To record and interpret the infrared (IR) spectrum of ethyl alcohol and identify the characteristic functional group absorption bands.

Principle

Infrared spectroscopy is used to identify functional groups in organic compounds. When infrared radiation passes through a molecule, certain wavelengths are absorbed due to vibrational transitions of chemical bonds.

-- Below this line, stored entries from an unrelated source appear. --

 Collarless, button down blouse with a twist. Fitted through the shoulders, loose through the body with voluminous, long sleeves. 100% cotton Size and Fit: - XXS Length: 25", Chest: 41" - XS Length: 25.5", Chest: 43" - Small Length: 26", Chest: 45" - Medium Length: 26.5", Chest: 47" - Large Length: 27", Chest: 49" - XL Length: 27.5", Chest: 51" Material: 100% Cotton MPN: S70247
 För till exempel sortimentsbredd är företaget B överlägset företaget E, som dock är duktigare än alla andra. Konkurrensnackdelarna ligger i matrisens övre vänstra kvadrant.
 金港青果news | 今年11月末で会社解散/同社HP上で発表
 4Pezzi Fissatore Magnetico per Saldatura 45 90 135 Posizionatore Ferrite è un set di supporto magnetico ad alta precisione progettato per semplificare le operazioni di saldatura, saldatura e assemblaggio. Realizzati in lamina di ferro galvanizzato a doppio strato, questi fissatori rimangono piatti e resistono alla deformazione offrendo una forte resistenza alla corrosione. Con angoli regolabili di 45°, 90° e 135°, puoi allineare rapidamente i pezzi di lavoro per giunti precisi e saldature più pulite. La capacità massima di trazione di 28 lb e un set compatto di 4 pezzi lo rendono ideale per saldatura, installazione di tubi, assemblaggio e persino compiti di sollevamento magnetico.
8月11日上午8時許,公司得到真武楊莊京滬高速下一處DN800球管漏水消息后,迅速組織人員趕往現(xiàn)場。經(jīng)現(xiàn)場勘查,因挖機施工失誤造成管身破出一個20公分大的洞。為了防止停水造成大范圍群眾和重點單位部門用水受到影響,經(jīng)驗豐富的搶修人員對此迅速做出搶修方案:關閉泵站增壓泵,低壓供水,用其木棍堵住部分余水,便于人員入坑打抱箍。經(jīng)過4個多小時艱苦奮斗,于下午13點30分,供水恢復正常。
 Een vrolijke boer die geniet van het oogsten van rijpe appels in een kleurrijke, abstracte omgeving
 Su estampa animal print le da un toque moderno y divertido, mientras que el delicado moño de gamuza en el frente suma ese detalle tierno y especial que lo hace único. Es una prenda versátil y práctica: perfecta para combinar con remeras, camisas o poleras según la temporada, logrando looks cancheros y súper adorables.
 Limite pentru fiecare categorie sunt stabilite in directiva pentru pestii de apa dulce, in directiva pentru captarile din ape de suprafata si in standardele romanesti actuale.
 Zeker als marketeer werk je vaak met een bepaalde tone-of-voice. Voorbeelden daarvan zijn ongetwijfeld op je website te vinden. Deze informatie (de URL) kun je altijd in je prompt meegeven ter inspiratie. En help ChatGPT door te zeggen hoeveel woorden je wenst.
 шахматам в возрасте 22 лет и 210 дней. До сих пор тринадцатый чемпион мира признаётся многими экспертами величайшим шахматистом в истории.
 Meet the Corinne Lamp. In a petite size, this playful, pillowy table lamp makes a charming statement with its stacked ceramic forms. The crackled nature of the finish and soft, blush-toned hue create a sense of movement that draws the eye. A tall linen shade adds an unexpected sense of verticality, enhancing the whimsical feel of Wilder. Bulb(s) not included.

Each functional group absorbs IR radiation at a characteristic wavenumber (cm⁻¹). By analyzing the peaks in the IR spectrum, the structure of the compound can be interpreted.

Apparatus

FTIR spectrophotometer
IR sample holder or KBr cell

Chemicals

Ethyl alcohol (ethanol)

Procedure

Place a small amount of ethyl alcohol in the sample holder of the FTIR spectrophotometer.
Run the instrument and record the IR spectrum in the range 4000–400 cm⁻¹.
Note the important absorption peaks from the spectrum.
Assign the peaks to the corresponding functional groups.

Observation Table

Sr. No.	Wavenumber (cm⁻¹)	Type of Vibration	Functional Group
1	3200–3600	O–H stretching (broad)	Alcohol
2	2850–3000	C–H stretching	Alkane
3	1450	C–H bending	Alkane
4	1050–1100	C–O stretching	Alcohol
5	650–800	O–H bending	Alcohol

Interpretation of Spectrum

A broad strong peak around 3200–3600 cm⁻¹ indicates the presence of O–H stretching, characteristic of alcohols.
Peaks around 2850–3000 cm⁻¹ correspond to C–H stretching vibrations of alkyl groups.
A strong band near 1050–1100 cm⁻¹ confirms C–O stretching, which is typical for primary alcohols.
Bending vibrations around 1450 cm⁻¹ indicate the presence of C–H groups.

Result

The IR spectrum of ethyl alcohol shows characteristic peaks of O–H, C–H, and C–O functional groups, confirming the presence of a primary alcohol structure.